• [Work instruction]: Please produce an exact copy of only the lines from the one with "40 Great Expectations" through the last one of the material, without pictures.
── Stored data ──
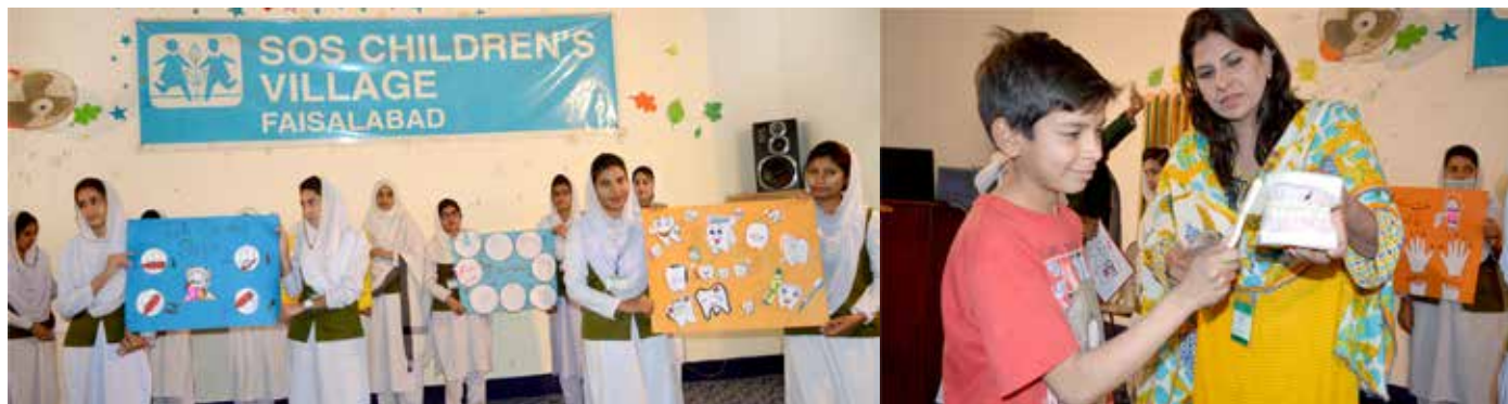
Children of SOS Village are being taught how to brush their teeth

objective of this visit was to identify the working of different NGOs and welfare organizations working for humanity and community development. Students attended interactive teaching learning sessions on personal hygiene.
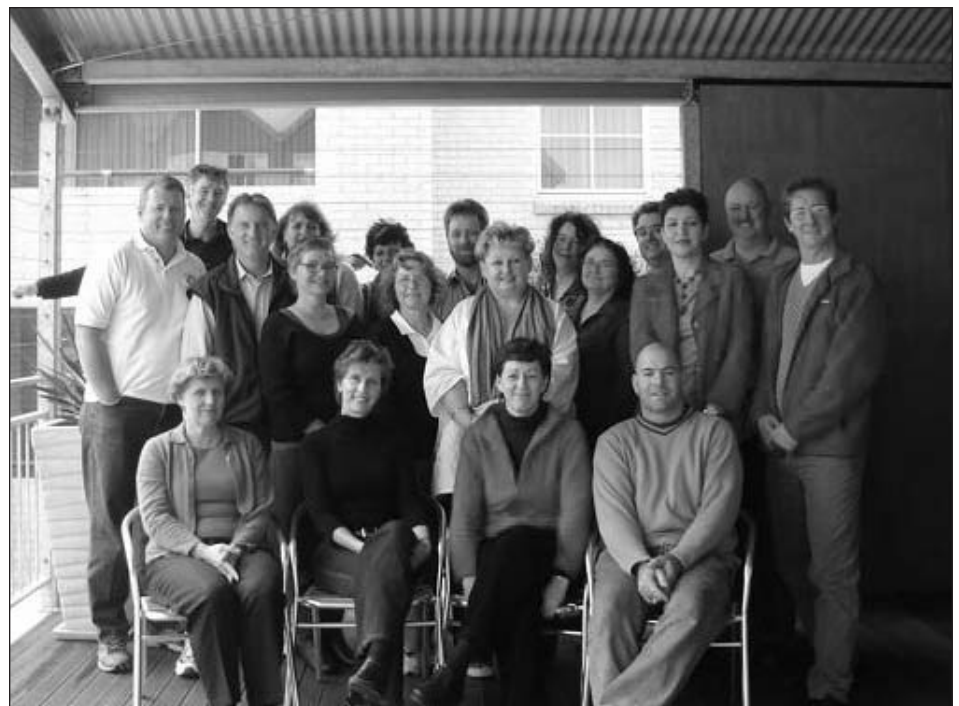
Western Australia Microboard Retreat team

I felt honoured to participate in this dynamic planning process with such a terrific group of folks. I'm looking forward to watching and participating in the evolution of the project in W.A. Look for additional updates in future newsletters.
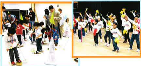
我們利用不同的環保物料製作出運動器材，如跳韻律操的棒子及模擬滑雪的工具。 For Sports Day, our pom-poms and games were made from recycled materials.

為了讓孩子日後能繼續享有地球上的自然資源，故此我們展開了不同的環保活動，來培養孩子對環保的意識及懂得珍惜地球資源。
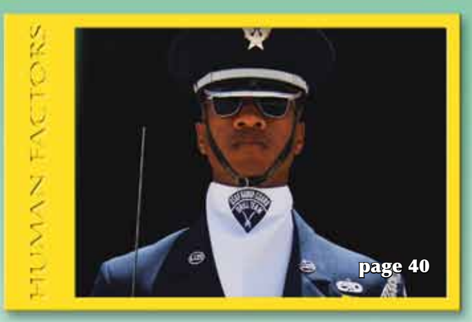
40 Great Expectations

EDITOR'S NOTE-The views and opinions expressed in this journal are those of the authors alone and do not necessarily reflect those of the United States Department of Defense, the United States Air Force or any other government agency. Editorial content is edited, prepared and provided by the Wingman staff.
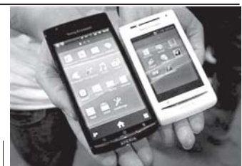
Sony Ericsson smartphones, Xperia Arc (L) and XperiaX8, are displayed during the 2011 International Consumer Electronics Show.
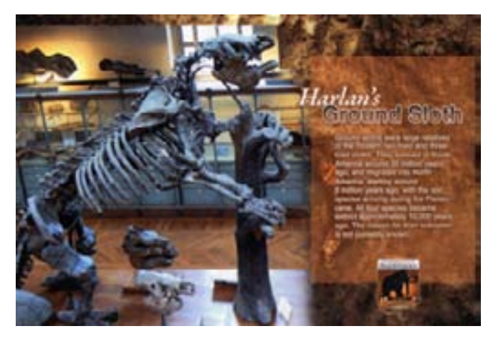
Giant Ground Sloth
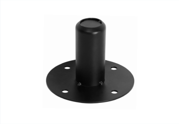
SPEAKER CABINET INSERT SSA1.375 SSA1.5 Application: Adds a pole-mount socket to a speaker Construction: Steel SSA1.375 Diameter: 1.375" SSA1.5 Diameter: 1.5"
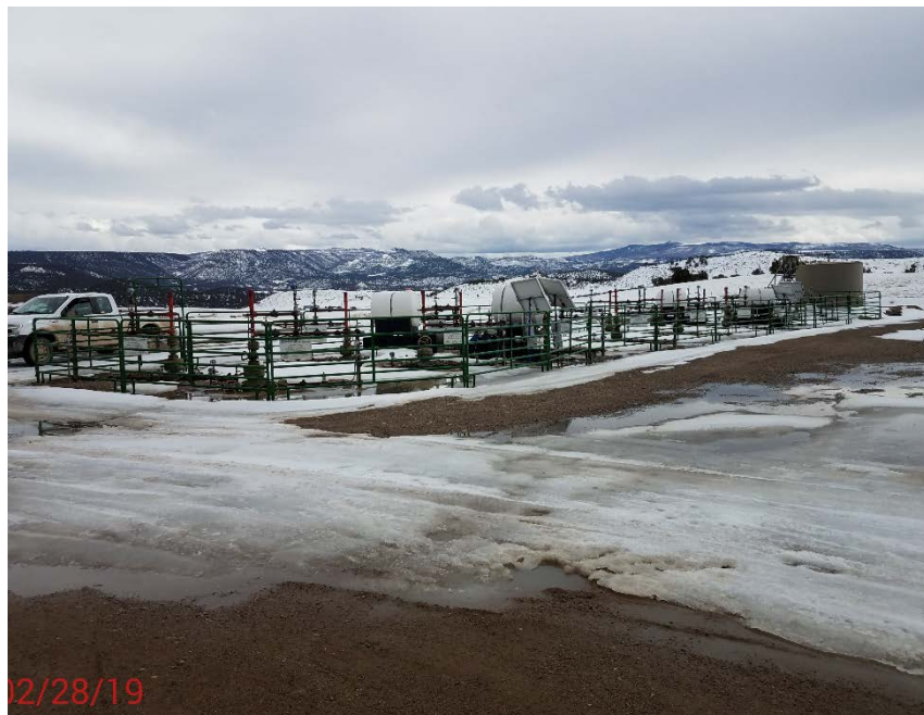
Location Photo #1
───
• [Task response]:
40 Great Expectations

EDITOR'S NOTE-The views and opinions expressed in this journal are those of the authors alone and do not necessarily reflect those of the United States Department of Defense, the United States Air Force or any other government agency. Editorial content is edited, prepared and provided by the Wingman staff.
Sony Ericsson smartphones, Xperia Arc (L) and XperiaX8, are displayed during the 2011 International Consumer Electronics Show.
Giant Ground Sloth
SPEAKER CABINET INSERT SSA1.375 SSA1.5 Application: Adds a pole-mount socket to a speaker Construction: Steel SSA1.375 Diameter: 1.375" SSA1.5 Diameter: 1.5"
Location Photo #1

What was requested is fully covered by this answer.